Mais l’opposition togolaise rejette en bloc le contenu de ce communiqué. Le député Jean Kissi est le Secrétaire général du CAR, le Comité d’action pour le renouveau. 
"Est ce que c’est un communiqué conjoint? Nous ne prenons pas en compte ce document. C’est Ibn Chambas, le représentant du Secrétaire général de l’ONU pour l’Afrique de l’Ouest, et son ami Marcel de Souza, qui ont écrit ce communiqué et cité les autres. Nous sommes toujours en contact avec Antonio Guterres qui dit autre chose qu’Ibn Chambas. Ils ont l’impression que le pouvoir est en fin de règne et chacun vient prendre sa valise. Ce n’est pas en ce moment que la CEDEAO doit venir jeter de l’huile sur le feu."

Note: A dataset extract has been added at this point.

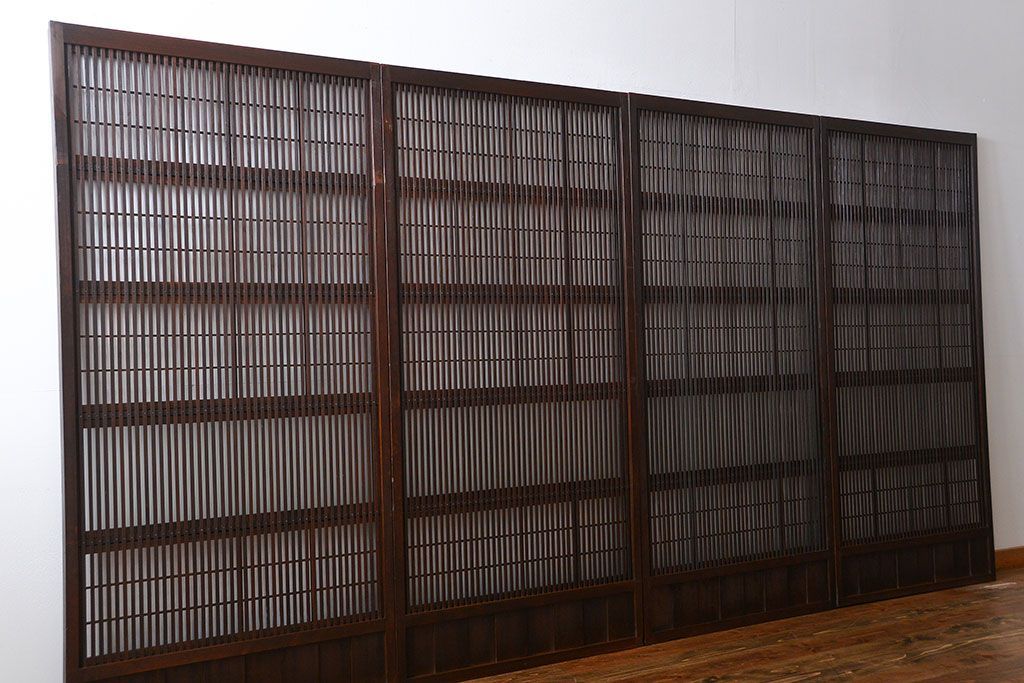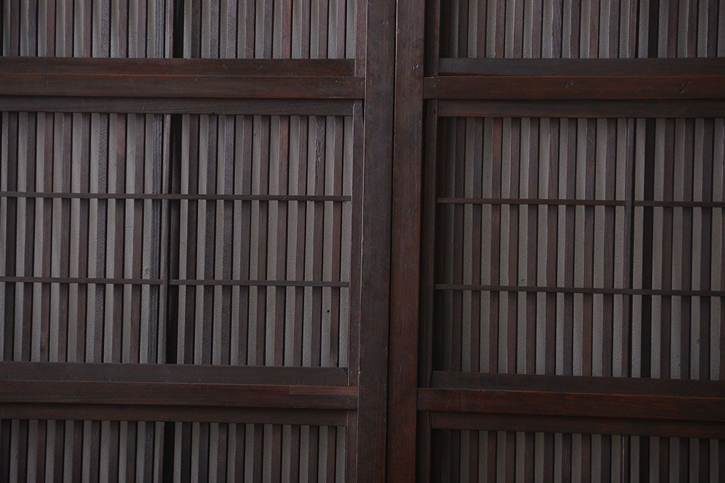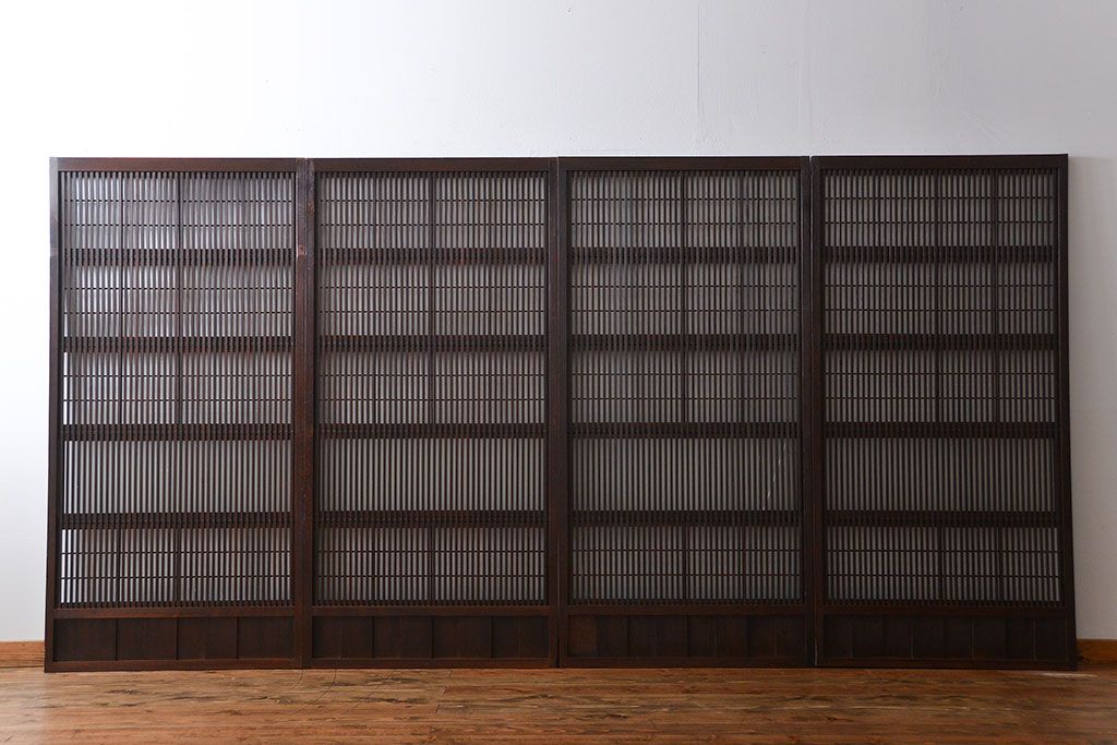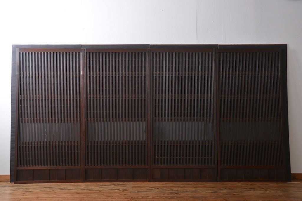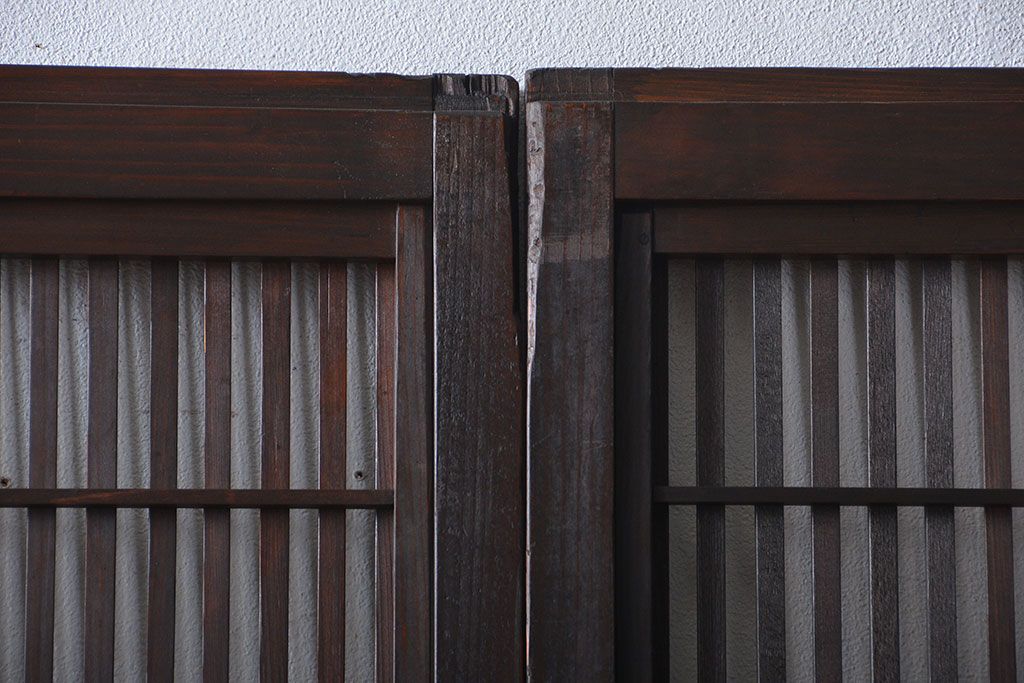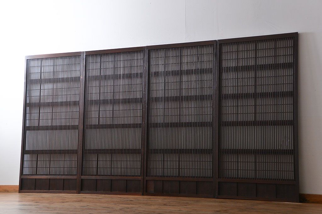 使い込まれた質感が味がある、格子戸4枚セットです。

C'est dans ce climat tendu qu’une mission de l’OIF, l’Organisation international de la francophonie, est attendue du 10 au 13 octobre prochain au Togo. 

Elle sera conduite par Aichatou Mindadou Souleymane, ancienne ministre des Affaires étrangères du Niger et ancienne représentante du Sécrétaire général des Nations Unies pour la Côte d’Ivoire. 

La délégation rencontrera toutes les parties prenantes afin de tenter de négocier une sortie de crise.